Борхезов ещё долго стоял на месте и обдумывал диалог с Липовецким. «Нет, — решил он. — Этот не сможет. Этот меня не убьёт. Дуршлаг он, этот Липовецкий — все его внутренние накопления, все осадки умственной жизнедеятельности, пережёвываются, сдабриваясь пустонелепостью общепринятой ментальной слюны и, скашившись, лезут из дыр его расстрелянного снобизмом мировоззрения, разрозненными рыхлыми смыслоглистами, скомкав которые в тесто, можно выпечь лишь безвкусные, малопитательные, только условно утоляющие эстетический голод пампушки». Борхезов записал это словопостроение в один из блокнотиков и отправился куда глаза глядят.

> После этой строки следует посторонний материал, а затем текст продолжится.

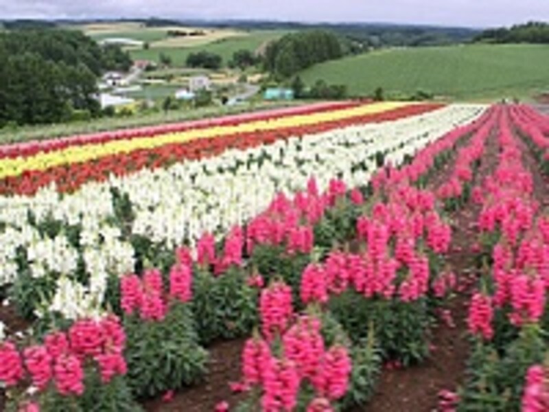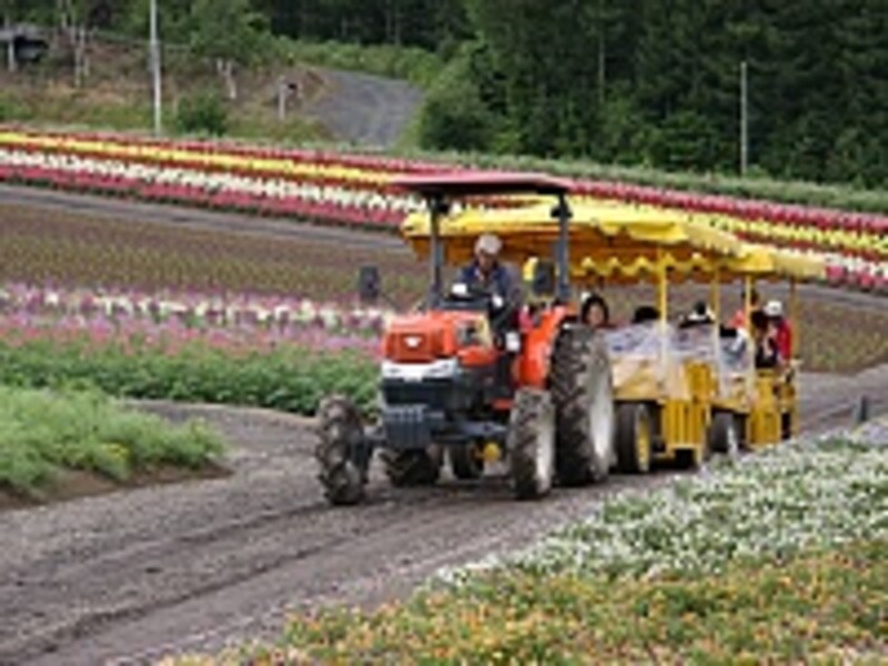 美瑛(びえい)にある「四季彩の丘」は、7ヘクタールの園内に色とりどりの花が咲き乱れるお花畑。歩いてもまわれますが、ご年配の方と同行している時は、トラクターやカートでまわるのがオススメです。

Возле ларька на колёсах, с агрегатом на нём, для производства сладкой ваты, Борхезов заметил Анатолия Прокофьевича Кирпичёва, учителя музыки по классу гобоя. Музпрепод кормил липким кондитерским пенопластом своего сына, гобоиста Евстигнея, подающего надежды на международное признание отрока тринадцати лет, с богемнодлинными волосами, сосулистым абажуром скрывающими звукосниматель его головы.

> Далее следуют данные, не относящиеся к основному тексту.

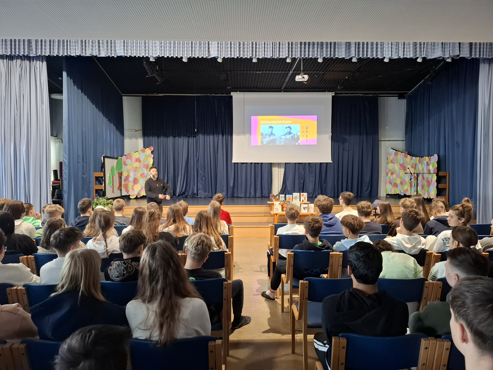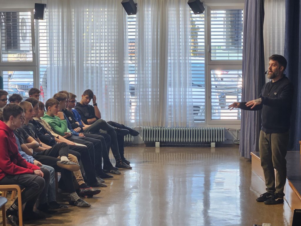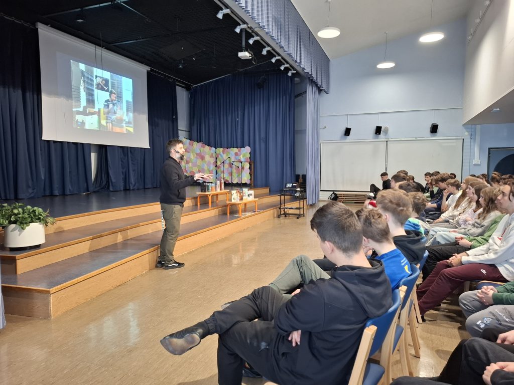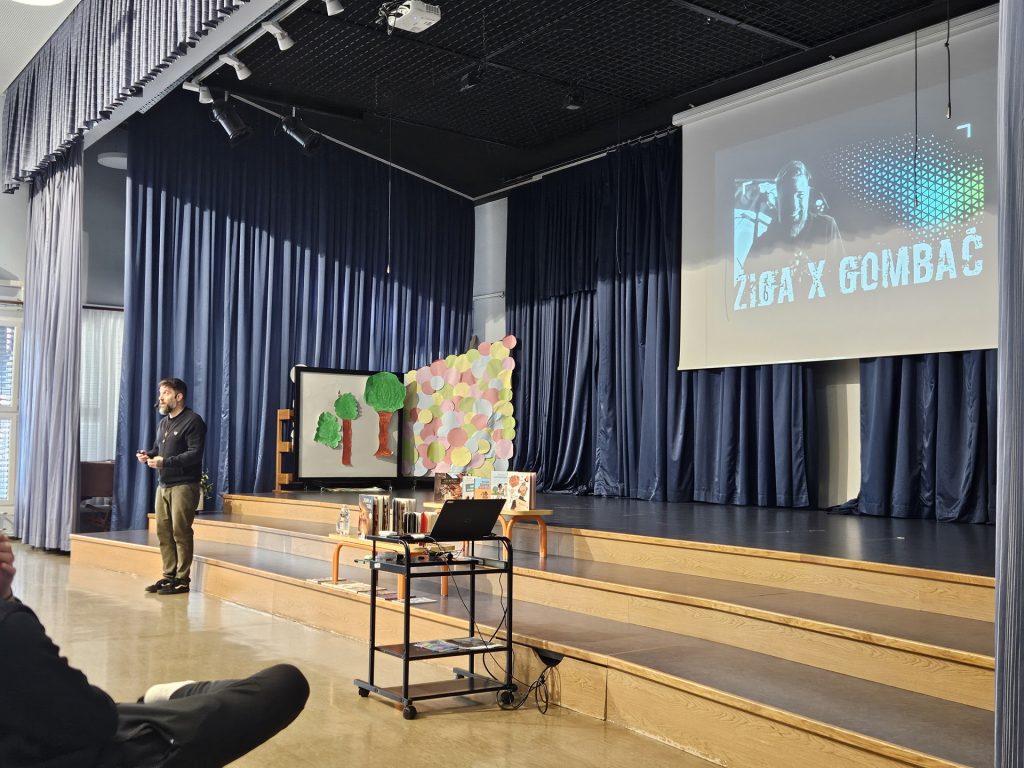 V četrtek, 3. aprila, dan po svetovnem dnevu knjige, je učence 8. razreda obiskal vsestranski umetnik, predvsem pa pisatelj, Žiga X Gombač. Z mladimi je poklepetal o svoji šolski in poklicni poti. Mladi so ugotovili, da je gospod zares ustvarjalen in vsem velik navdih.

— Здравствуйте, Анатолий Прокофьич, — сказал Борхезов.
Музпрепод отпрянул от него, словно ныряльщик от ядовитой медузы — нелепо загребая воздух руками и голенасто мелькая ногами; наткнувшись, покосил ларёк.
Отшатнуло и отрока — несколько локонов-прядей жадно налипло на сладкую вату. Впрочем, скоро знакомца узнали. Поздоровались.

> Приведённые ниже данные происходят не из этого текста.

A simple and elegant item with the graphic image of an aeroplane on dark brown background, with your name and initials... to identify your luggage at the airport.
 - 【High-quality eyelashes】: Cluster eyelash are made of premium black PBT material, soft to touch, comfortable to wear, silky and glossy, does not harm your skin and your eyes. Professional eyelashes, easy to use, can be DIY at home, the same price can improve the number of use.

— Я, ****ь, знаете ли, Анатолий Прокофьич, вдруг постиг, *****, потаённую, мудрость, — стараясь сгладить безумный пафос заявления, нарочито грязноязычил Борхезов.
Отрок захрюкал вихляя уж подслащенным своим абажуром. И пока отец-духовик не опомнился, и не выдумал слов для острастки, Борхезов продолжил:
— Откровение, ****ь, вот какое — все должны умереть нахуй, напрочь, и животные, *****, и растения, насекомые всякие, гады, и сложить из кусочков в них вложенных неизвестными силами внешними — супер-нахуй-мозаику, что и будет в итоге, *****, Богом. И раз вышло так, *****, что постиг я всю ***ню эту ****скую первым, должен я, нахуй, сделать почин и погибнуть ****ато примером, а для этого нужен мне киллер, ибо сам я слаб духом повеситься, отравиться, в ****у утопиться, из окна, *****, на улицу выпрыгнуть иль таблеток каких, *****, напиться.
— Сумасшедший, — шепнул Кирпичёв и, схватив сына за лацкан сценического покроя пиджачка, поспешил шпротно разместиться в консерве подъехавшего трамвая.
— Не желаете ваты, товарищ, — предложила Борхезову женщина отпускавшая рыхлую сладость.
— Я желаю лишь смерти. Всем желаю, и вам в том числе. Мы затем существуем на свете, чтоб посмертно составиться в Бога.
— Ты что, одурел? Белены объелся? — вскричала дама и был бы у нее свисток, так она бы дунула в него, созывая народ, а так схватила специальную железяку, которой сковыривала излишки в порциях сладкой ваты и забарабанила ею по металлическому прилавку — небось в эпицентре внимания толпы этот придурок не осмелиться сделать ей больно, а то и убить.
Но Борхезову уже было не до нее, ибо он вдруг стал внешне меняться, причем прямо на глазах у всей публики: над его верхней губой — и все завороженно наблюдали эту невидаль — перебирались всякого рода усы, словно присаживаясь на пару секунд передохнуть, а затем — снова в таинственный путь; менялся цвет и разрез глаз, кустистость бровей, пышность щек, форма носа, хрящезатейливость ушных раковин, конфигурация черепной коробки, цвет волос… Далее и по всему телу Борхезова пошли судороги: то трещала по швам одежда — он набирал мышечную массу, то, напротив, обвисала, словно на кое-как сляпанном огородном пугале.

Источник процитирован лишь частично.